▼
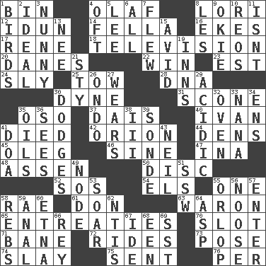 ACROSS 1. Storage container 4. Norwegian king 8. Australian parrot (variant) 12. Goddess of spring and wife of Bragi 14. Man or boy (slang) 16. Supplements with great effort 17. French philosopher Descartes 18. Household entertainment appliance 20. Natives or inhabitants of Denmark 22. Victory 23. Eastern Standard Time (abbr.) 24. Roguish 25. Pull behind 28. Heredity factor (abbr.) 30. Centimeter-gram-second unit of force 31. Biscuitlike quick bread 35. Bear (Spanish) 37. Raised platform 40. _ the terrible 41. Passed on 42. Greek mythologigal hunter 44. Habitations of wild animals 45. Cassini of fashion 46. Trig term 47. _ tizzy (2 wds.) 48. NE Netherlands city 50. Flat circle 52. Mayday 54. Raised railways 55. Single 58. Actress Charlotte 61. Spanish title 63. Make _____ (do battle with) 65. Pleas 70. Narrow opening 71. Object of repulsion 72. Amusement-park features 73. Airs 74. Kill 75. Posted 76. For each DOWN 1. Avian creatures 2. Standard of perfection 3. Pet term 4. Often (poetically) 5. Area sheltered from the wind 6. 100% 7. Soared 8. French article 9. Migrant worker of the '30s 10. Vintage cars 11. Is not 13. Born 15. Enthusiastic 19. Taverns 21. Filthy place 26. Southwest Nigerian state 27. Puts on (as clothing) 29. Being or containing an acid 30. Evades 32. Baking chamber 33. Nanny 34. Followers of ems 35. Petroleums 36. Perceives with the eye 38. One more than two 39. Something which is sent 41. ___ good deed 43. Famous astronaut Armstrong 49. Connecting point 51. Compass dir. 53. Fly high 55. Lowest deck of a ship 56. Trap for birds or small mammals 57. Keyboard key 58. Confederate soldiers (slang) 59. Of or related to the anus 60. Inactive volcano in Sicily 62. Nuclear Threat Initiatives 64. Cleo's killer 66. Marina Del _, California 67. Binary compound 68. Car or cant ending 69. Fast jet (abbr.)
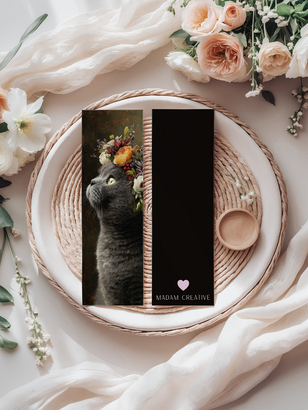 Zakładka do książki 6x18 cm kot w jesiennych kwiatach MaDam Creative
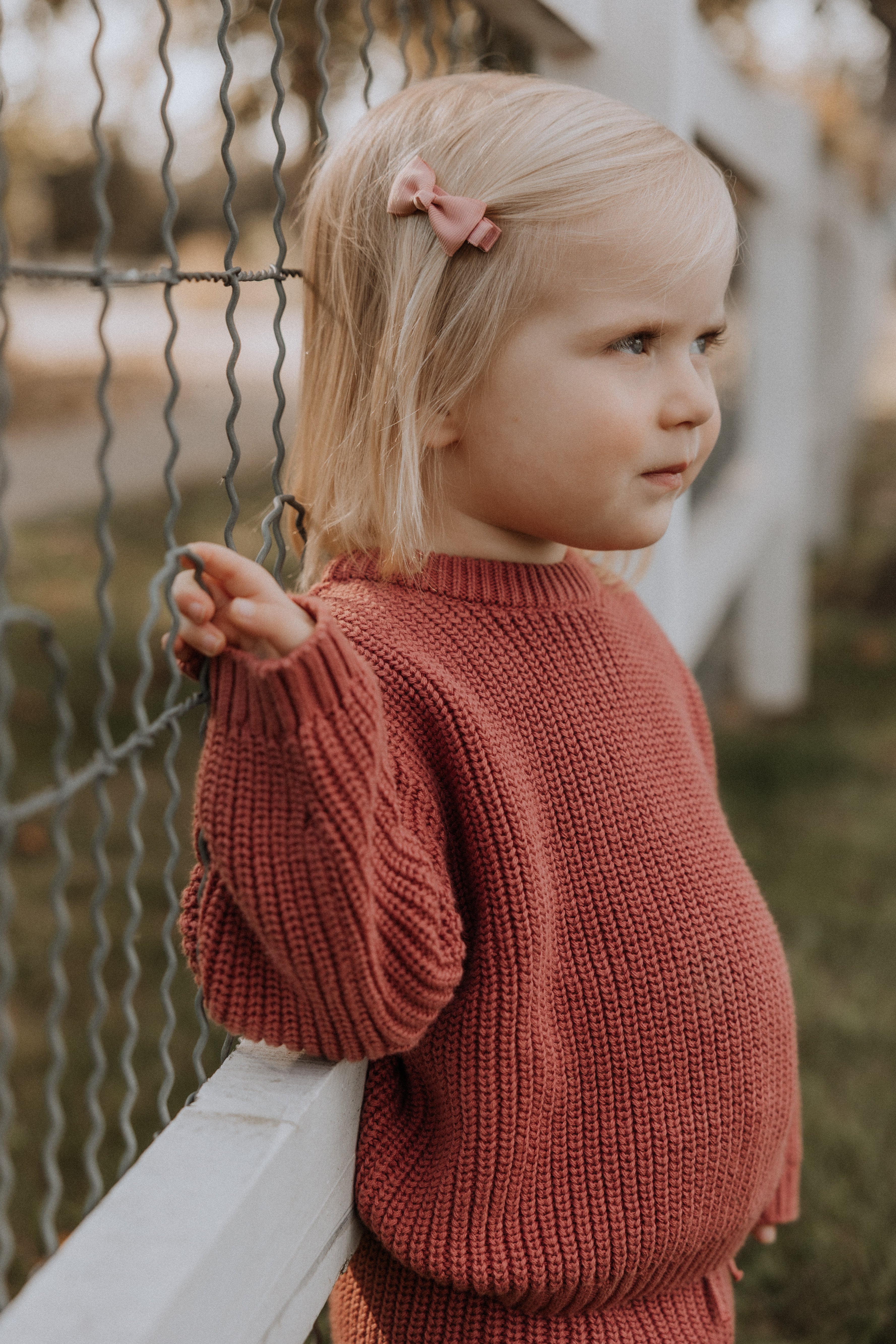 Sweater has magnetic buttons at the back of the neck for easy changing.
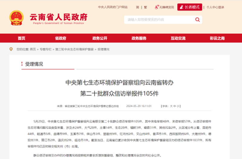 (中央第七生态环境保护督查组向云南省转办群众信访举报件)
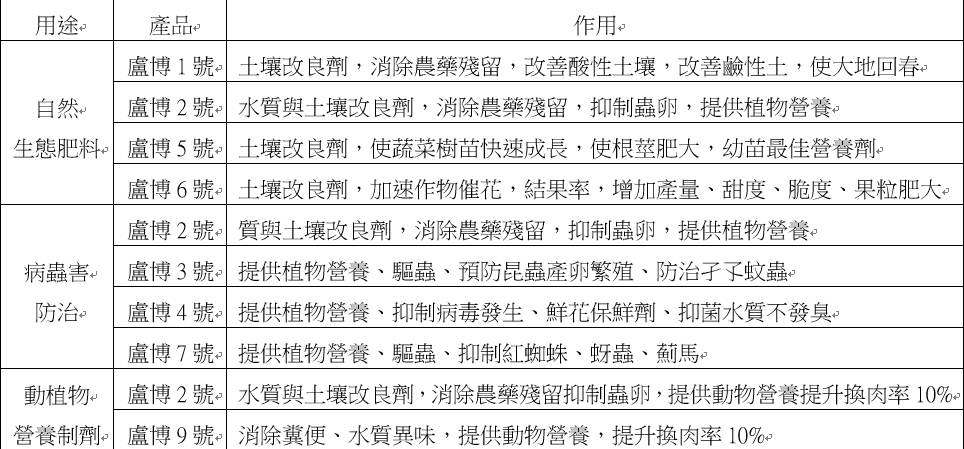 卢博士的无毒生态肥料,适用领域广泛,包括花卉园艺、中药产业、果蔬产业、粮食产业、畜牧业、渔业、茶叶产业等,希望能创造出无农药、无抗生素、无生长激素的环境。具体作法包括有:
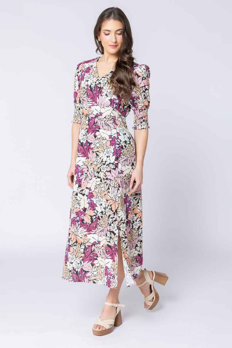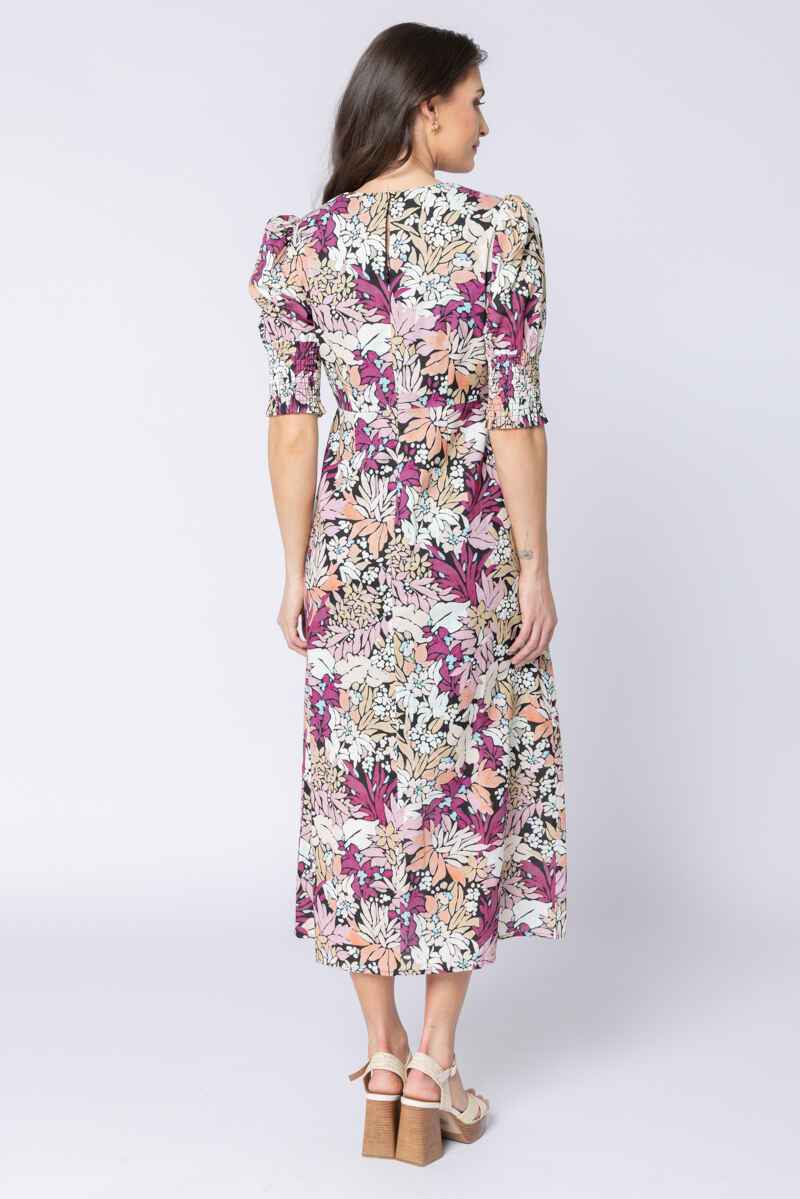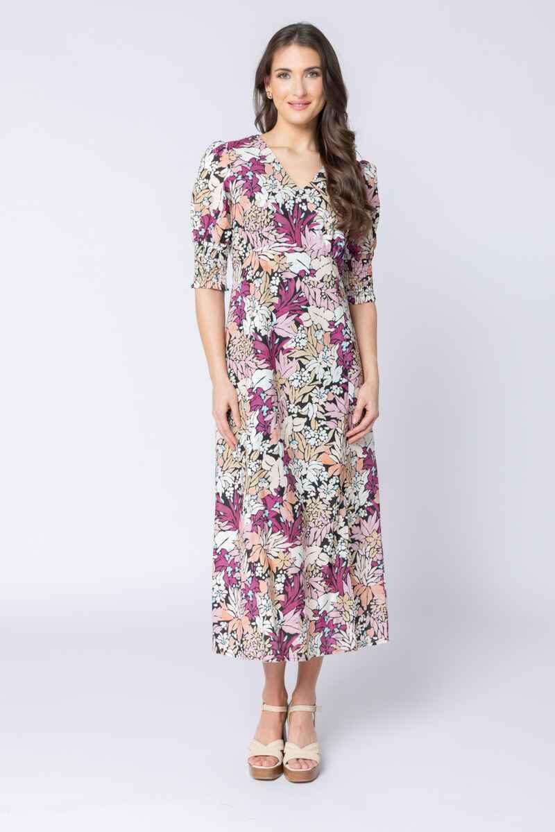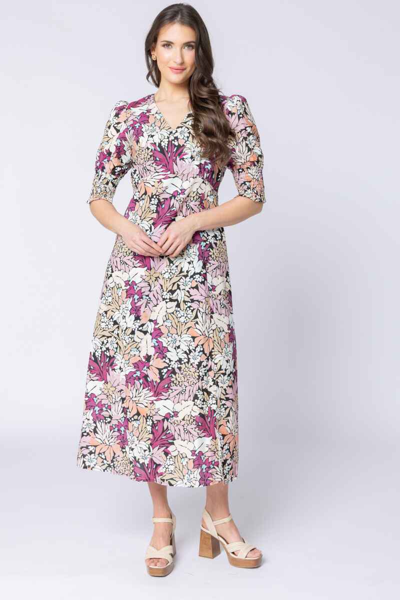 A beautifully feminine midi dress showcasing a lush botanical print in rich pinks, soft peaches, and warm neutrals. The flattering V-neckline and softly structured bodice create an elegant shape, while the gently puffed sleeves with smocked cuffs add a touch of vintage-inspired charm. Designed with a flowing A-line skirt, this dress moves gracefully and offers easy comfort for all-day wear. Perfect for special occasions, long lunches, or simply elevating everyday style, the Florence Dress brings colour, confidence, and timeless appeal to your wardrobe.Main: 80% Cotton, 20% RamieLining: 100% Cotton
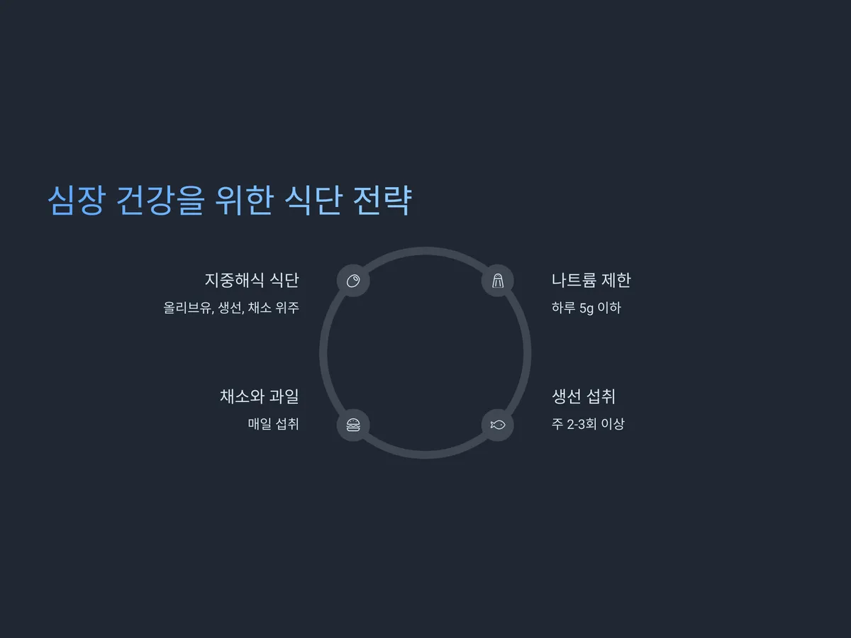 최근 각광받고 있는 지중해식 식단은 올리브유, 생선, 채소, 견과류, 통곡물 위주로 구성되어 있어 심혈관 질환 예방에 탁월한 효과를 보이고 있습니다. 하루 소금 섭취량은 5g 이하, 콜레스테롤은 200mg 이하로 관리하는 것이 권장되며, 일주일에 2~3회 이상의 생선 섭취, 매일 채소와 과일을 섭취하는 것이 이상적입니다.
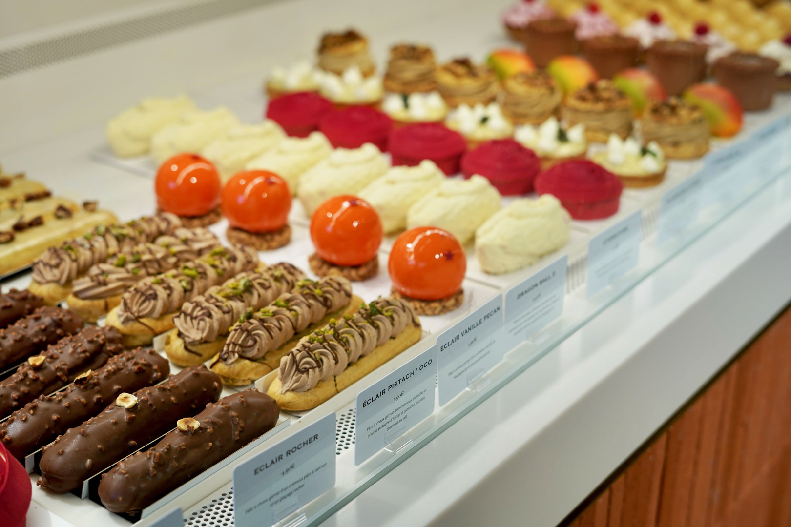 At the heart of the environment are two canalized 6040 pastry display cases, designed to offer elegant presentation, optimal preservation, and a high‑impact visual effect. The RAL 9016 painted sheet metal details emphasize the minimal and luminous character of the project, creating a clean and timeless aesthetic.
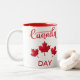 Trois feuilles d'érable rouge avec le texte "Fête du Canada"
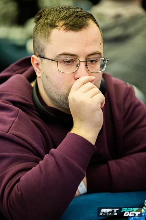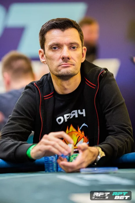 В открытие Равиля Тлимисова с первой и колл Дмитрия Руненкова Руслан Губаев запушил с большого блайнда около 200к. Равиль с уравнял и без боли устоял против Руслана Губаева.
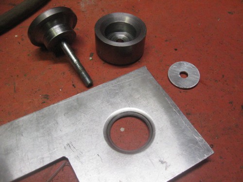 Home-made dimple-die and hole punch in one - for a straight punch don't put the flared bit in!
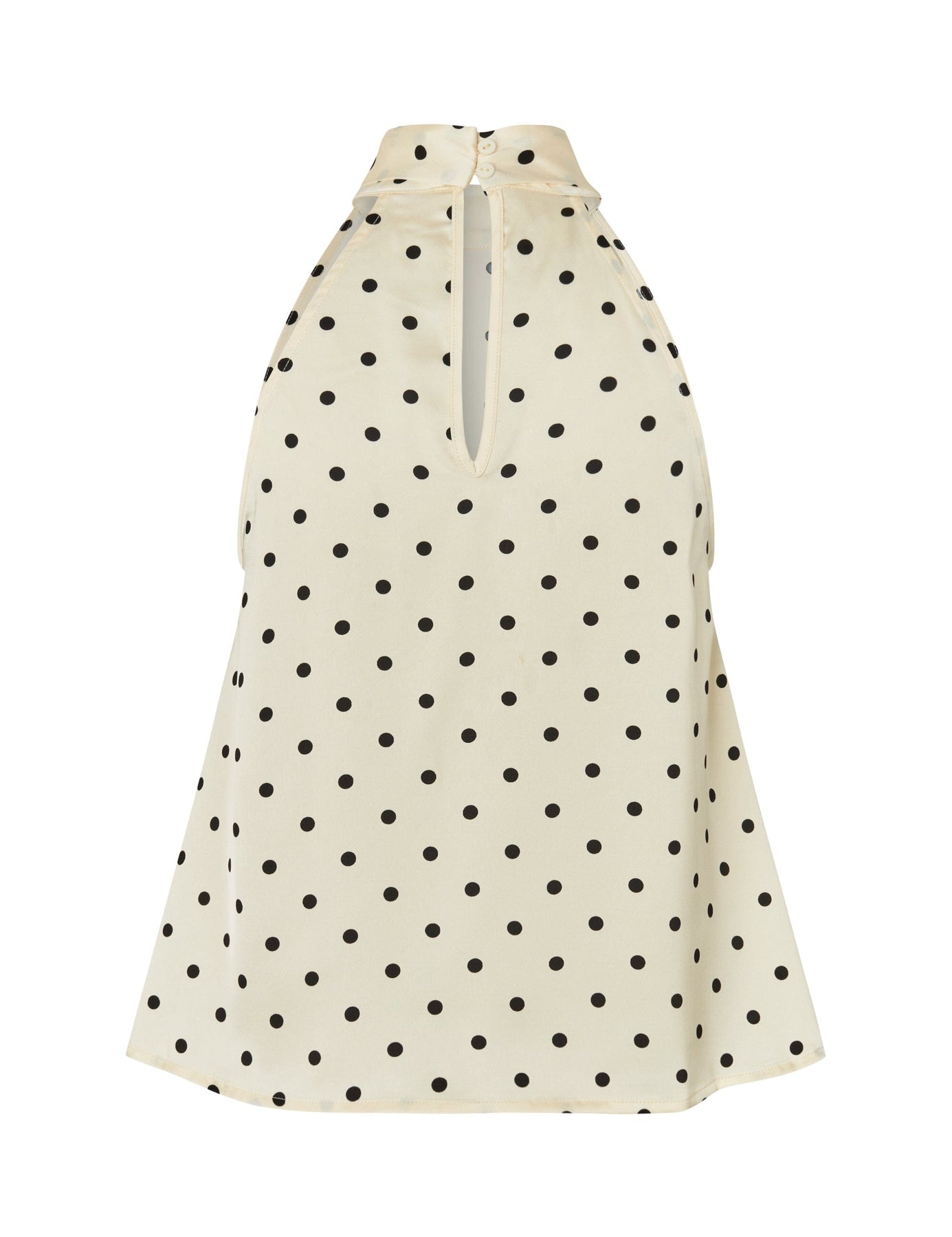 Top sans manches de MbyM, couleur crème à pois noirs. Le top présente une coupe ample et des liens à nouer au niveau du col.
▲
→ **What is needed**:
Output exactly, and only, the lines of the entries above from the one with "최근 각광받고 있는 지중해식" up to and including the one with "Home-made dimple-die and"; pictures are to be left out.

→ **Answer to the exercise**:
 최근 각광받고 있는 지중해식 식단은 올리브유, 생선, 채소, 견과류, 통곡물 위주로 구성되어 있어 심혈관 질환 예방에 탁월한 효과를 보이고 있습니다. 하루 소금 섭취량은 5g 이하, 콜레스테롤은 200mg 이하로 관리하는 것이 권장되며, 일주일에 2~3회 이상의 생선 섭취, 매일 채소와 과일을 섭취하는 것이 이상적입니다.
 At the heart of the environment are two canalized 6040 pastry display cases, designed to offer elegant presentation, optimal preservation, and a high‑impact visual effect. The RAL 9016 painted sheet metal details emphasize the minimal and luminous character of the project, creating a clean and timeless aesthetic.
 Trois feuilles d'érable rouge avec le texte "Fête du Canada"
 В открытие Равиля Тлимисова с первой и колл Дмитрия Руненкова Руслан Губаев запушил с большого блайнда около 200к. Равиль с уравнял и без боли устоял против Руслана Губаева.
 Home-made dimple-die and hole punch in one - for a straight punch don't put the flared bit in!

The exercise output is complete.